Para a codeputada estadual Carolina Iara, da Bancada Feminista do PSOL, dois fatores contribuem para a violência no estado: o conservadorismo sobretudo no interior paulista e a migração de pessoas transexuais para São Paulo em busca de oportunidades. “Há uma concentração maior dessa população em São Paulo do que em outras regiões, o que faz com que o estado tenha que fomentar políticas públicas tanto para as pessoas trans paulistas, como para as migrantes e imigrantes”, destaca Carolina.
Única representante transexual na Assembleia Legislativa do Estado de São Paulo (Alesp), Carolina Iara é autora de projetos de lei que visam assegurar os direitos dessa população.

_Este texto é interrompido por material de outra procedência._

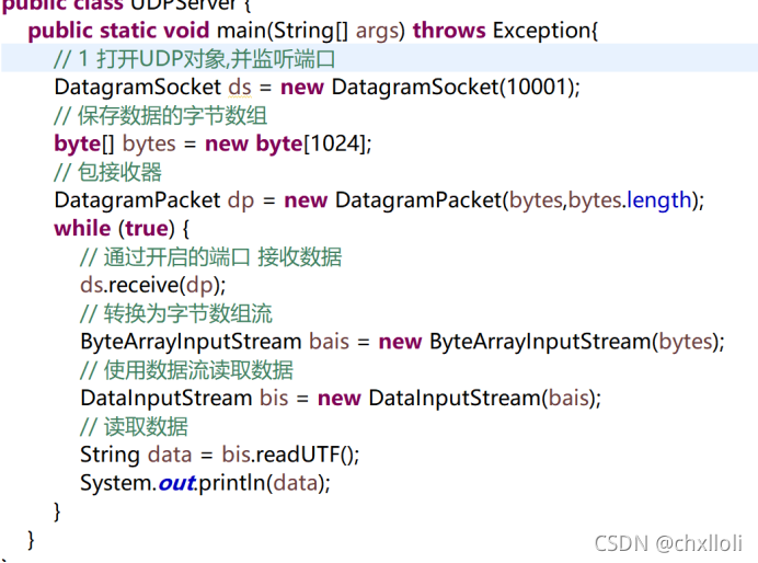 - 此组合中的数据包为公共无效接收( DatagramPacket p) 所接受。 当此方法返回时, 收到的数据由数据组包缓冲区填入。 数据包中还包含发件人的IP 地址和发件人系统中的端口号。 此方法在数据收到前停止使用。 所收到信息的长度存储在数据包对象的长度字段中。 如果信息超过软件包的长度, 将会缩短 。

É o caso do PL que instituiu cotas trans nas universidades estaduais e o projeto Armário Nunca Mais, que prevê uma Política Estadual de Proteção às LGBTQIAPN+ do estado.
“Eu acredito que é de uma potência enorme ter uma travesti negra nesse espaço de poder, até para fortalecer a luta de pessoas trans no estado. Além disso, tenho comprometimento ético e histórico com os movimentos sociais e suas agendas políticas de emancipação. Por isso, faço proposições e enfrentamentos que não seriam feitos sem a presença de uma travesti e outras LGBTQIAPN+ dentro daquele parlamento”, diz a deputada.
Violência contra pessoas trans também se manifesta nos espaços institucionais
Ainda segundo Carolina Iara, ofensivas contra os direitos LGBTIAPN+ continuam a ocorrer nos espaços políticos, o que fundamenta a violência. “A Alesp tem sido palco de uma grande ofensiva LGBTfóbica, com uma CPI que investiga arbitrariamente o ambulatório trans do Hospital das Clínicas, querendo retirar o direito de adolescentes e crianças trans de terem acompanhamento médico, além de vários projetos de lei abertamente transfóbicos, querendo proibir as pessoas trans de frequentar banheiros públicos, praticar esportes, ou proibição de publicidade com pessoas LGBTQIA+”, reitera.
No Pará, a extrema-direita, capitaneada pelo deputado federal Éder Mauro (PL), organizou, no último Dia das Crianças, 12 de outubro, a “Marcha da Família”, que tinha como um dos motes: “Criança trans não existe”. O Ministério Público Federal (MPF) instaurou um inquérito civil para apurar a responsabilidade pela veiculação do conteúdo considerado transfóbico.
“É importante reconhecer que toda criança merece ser tratada com respeito e dignidade, independentemente de sua identidade de gênero. A violência contra crianças trans é uma violação dos direitos humanos básicos e deve ser combatida de maneira eficaz”, finaliza Isabella, da Rede Trans Brasil.